Directions >> Output only the lines that run from the line holding "Matgrupp Estelle med" to the end of the entries, both ends included, and skip the pictures.
START Dataset records
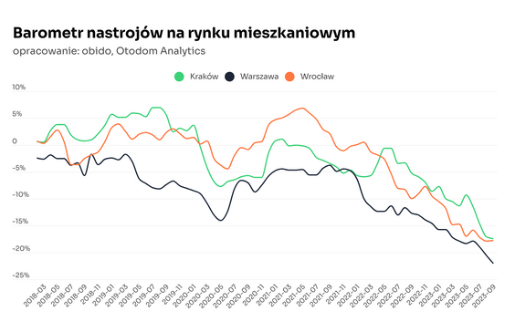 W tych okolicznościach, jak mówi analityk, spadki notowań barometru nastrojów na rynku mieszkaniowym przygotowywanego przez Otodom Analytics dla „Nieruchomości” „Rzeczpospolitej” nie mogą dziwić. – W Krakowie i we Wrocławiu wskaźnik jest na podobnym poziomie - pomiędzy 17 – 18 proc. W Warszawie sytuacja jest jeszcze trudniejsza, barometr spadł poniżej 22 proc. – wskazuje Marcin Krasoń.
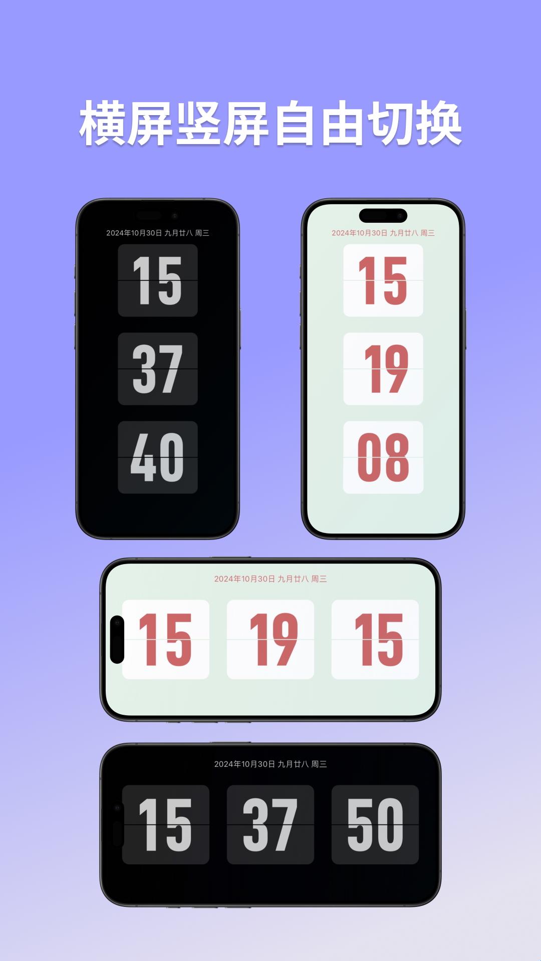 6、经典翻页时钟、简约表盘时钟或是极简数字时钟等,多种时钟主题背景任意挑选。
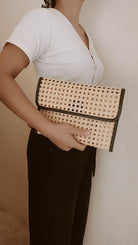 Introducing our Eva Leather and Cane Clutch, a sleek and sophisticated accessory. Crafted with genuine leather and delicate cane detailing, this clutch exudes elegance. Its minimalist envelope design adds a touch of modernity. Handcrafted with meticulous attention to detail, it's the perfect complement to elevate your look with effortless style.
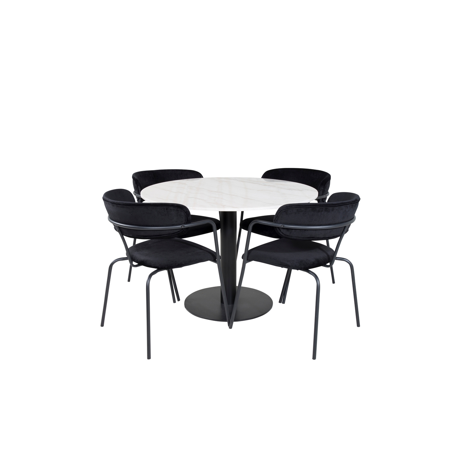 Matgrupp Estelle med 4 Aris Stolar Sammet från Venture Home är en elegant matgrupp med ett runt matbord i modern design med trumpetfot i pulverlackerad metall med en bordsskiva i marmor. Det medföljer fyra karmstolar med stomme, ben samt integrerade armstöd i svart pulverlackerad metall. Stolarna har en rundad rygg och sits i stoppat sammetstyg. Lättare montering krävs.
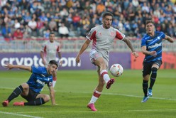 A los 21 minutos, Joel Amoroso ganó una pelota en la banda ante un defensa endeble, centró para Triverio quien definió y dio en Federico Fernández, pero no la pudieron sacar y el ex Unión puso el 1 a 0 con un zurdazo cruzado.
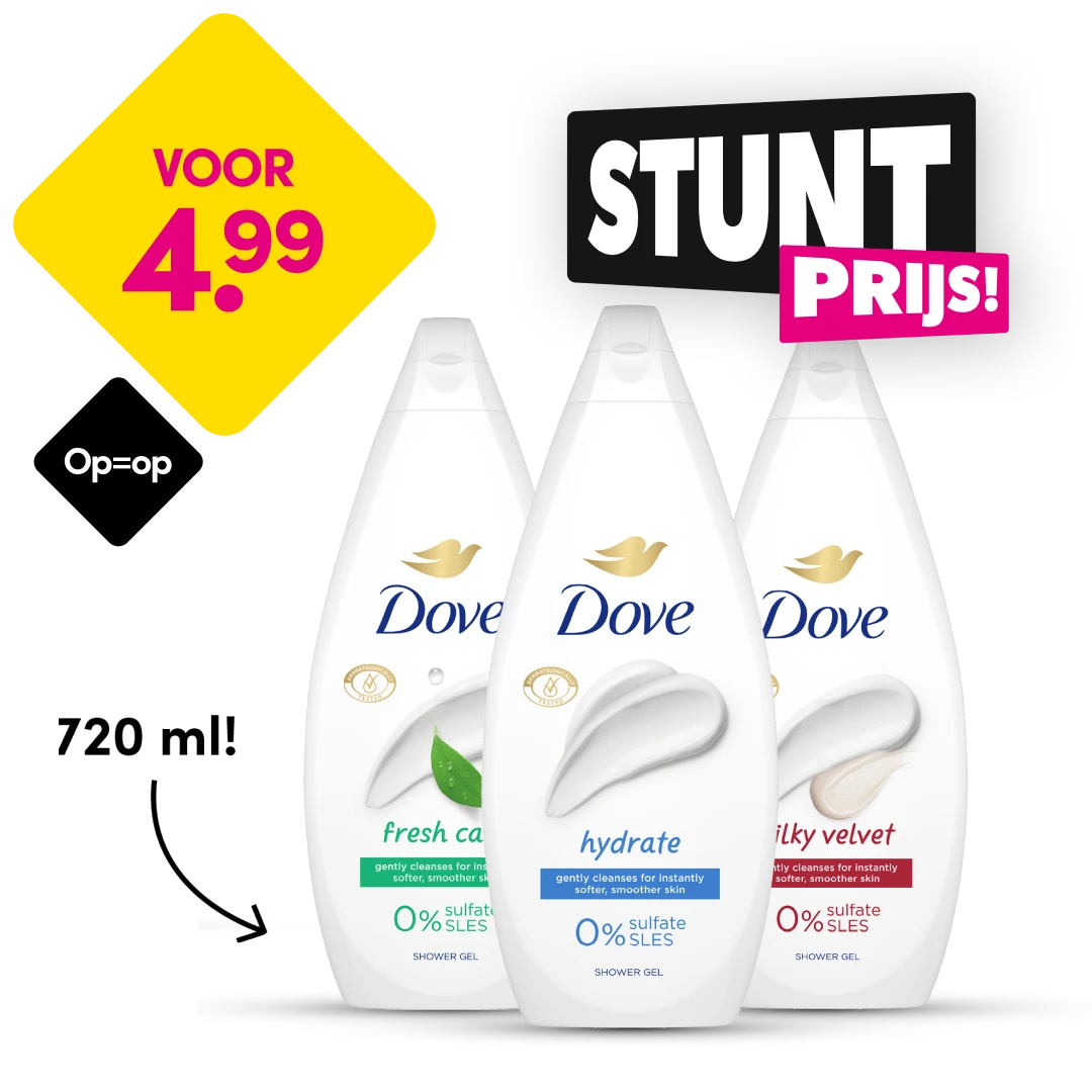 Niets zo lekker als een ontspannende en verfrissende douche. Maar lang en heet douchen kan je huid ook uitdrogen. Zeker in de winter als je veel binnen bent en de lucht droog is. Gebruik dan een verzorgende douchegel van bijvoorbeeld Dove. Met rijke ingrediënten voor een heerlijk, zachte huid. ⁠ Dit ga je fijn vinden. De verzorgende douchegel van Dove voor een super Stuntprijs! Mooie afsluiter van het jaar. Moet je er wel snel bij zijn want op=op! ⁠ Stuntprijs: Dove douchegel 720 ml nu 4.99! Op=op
END Dataset records
Task response >>
 Matgrupp Estelle med 4 Aris Stolar Sammet från Venture Home är en elegant matgrupp med ett runt matbord i modern design med trumpetfot i pulverlackerad metall med en bordsskiva i marmor. Det medföljer fyra karmstolar med stomme, ben samt integrerade armstöd i svart pulverlackerad metall. Stolarna har en rundad rygg och sits i stoppat sammetstyg. Lättare montering krävs.
 A los 21 minutos, Joel Amoroso ganó una pelota en la banda ante un defensa endeble, centró para Triverio quien definió y dio en Federico Fernández, pero no la pudieron sacar y el ex Unión puso el 1 a 0 con un zurdazo cruzado.
 Niets zo lekker als een ontspannende en verfrissende douche. Maar lang en heet douchen kan je huid ook uitdrogen. Zeker in de winter als je veel binnen bent en de lucht droog is. Gebruik dan een verzorgende douchegel van bijvoorbeeld Dove. Met rijke ingrediënten voor een heerlijk, zachte huid. ⁠ Dit ga je fijn vinden. De verzorgende douchegel van Dove voor een super Stuntprijs! Mooie afsluiter van het jaar. Moet je er wel snel bij zijn want op=op! ⁠ Stuntprijs: Dove douchegel 720 ml nu 4.99! Op=op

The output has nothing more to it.